▸ Available data:

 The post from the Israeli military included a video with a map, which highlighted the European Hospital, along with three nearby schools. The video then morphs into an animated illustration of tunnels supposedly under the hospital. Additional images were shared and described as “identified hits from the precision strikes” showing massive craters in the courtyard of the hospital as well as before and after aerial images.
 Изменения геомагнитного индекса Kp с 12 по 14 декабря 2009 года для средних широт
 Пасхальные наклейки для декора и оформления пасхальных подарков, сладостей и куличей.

...

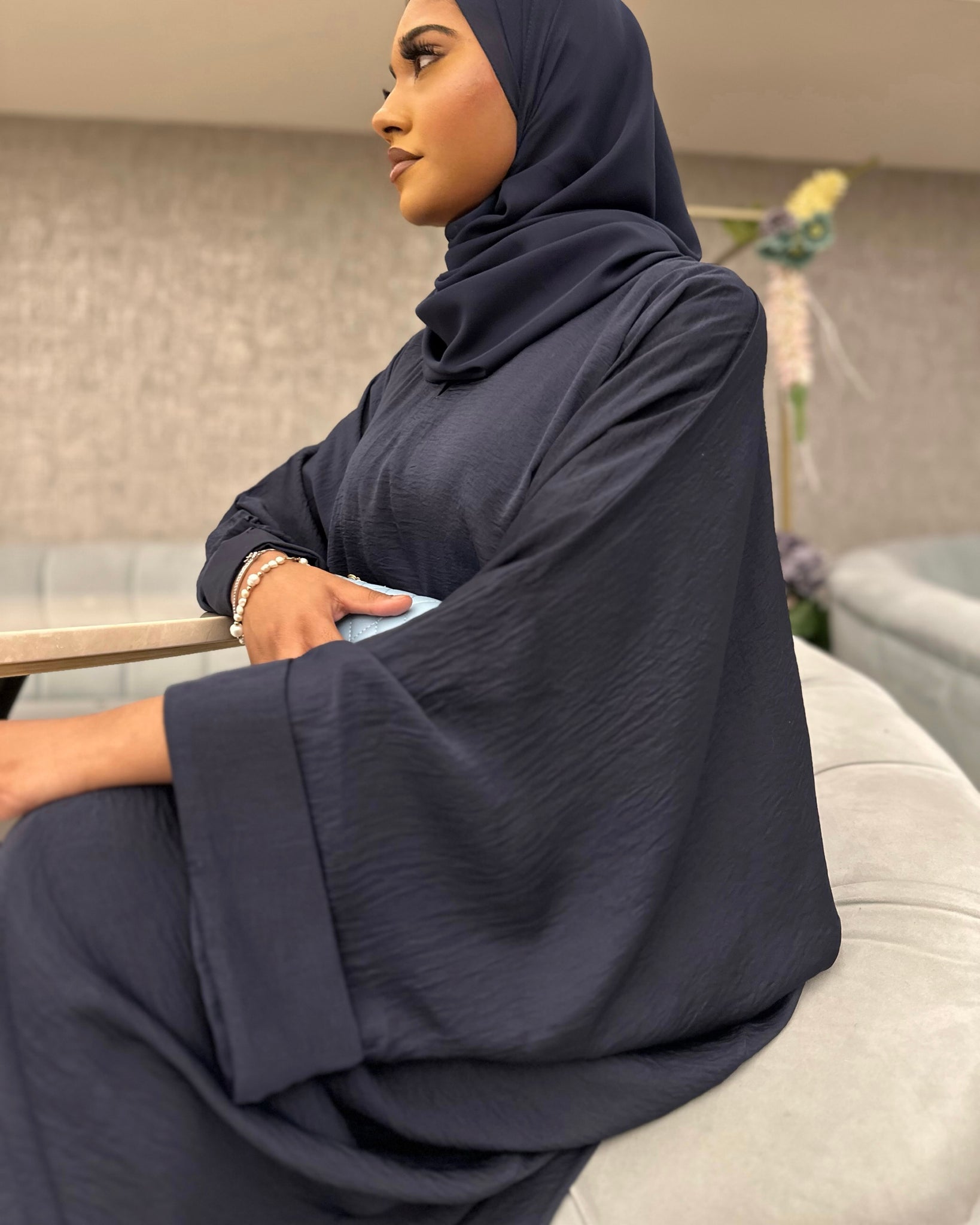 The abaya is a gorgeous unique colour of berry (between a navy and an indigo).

* * *

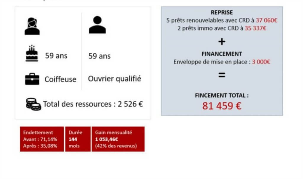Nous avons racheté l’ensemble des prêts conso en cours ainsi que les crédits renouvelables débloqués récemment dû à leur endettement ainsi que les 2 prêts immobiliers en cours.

▸ Exercise brief: The required output is the stretch of entries above from the line containing "The post from" through the line containing "Пасхальные наклейки для", reproduced exactly.

▸ Answer box:
 The post from the Israeli military included a video with a map, which highlighted the European Hospital, along with three nearby schools. The video then morphs into an animated illustration of tunnels supposedly under the hospital. Additional images were shared and described as “identified hits from the precision strikes” showing massive craters in the courtyard of the hospital as well as before and after aerial images.
 Изменения геомагнитного индекса Kp с 12 по 14 декабря 2009 года для средних широт
 Пасхальные наклейки для декора и оформления пасхальных подарков, сладостей и куличей.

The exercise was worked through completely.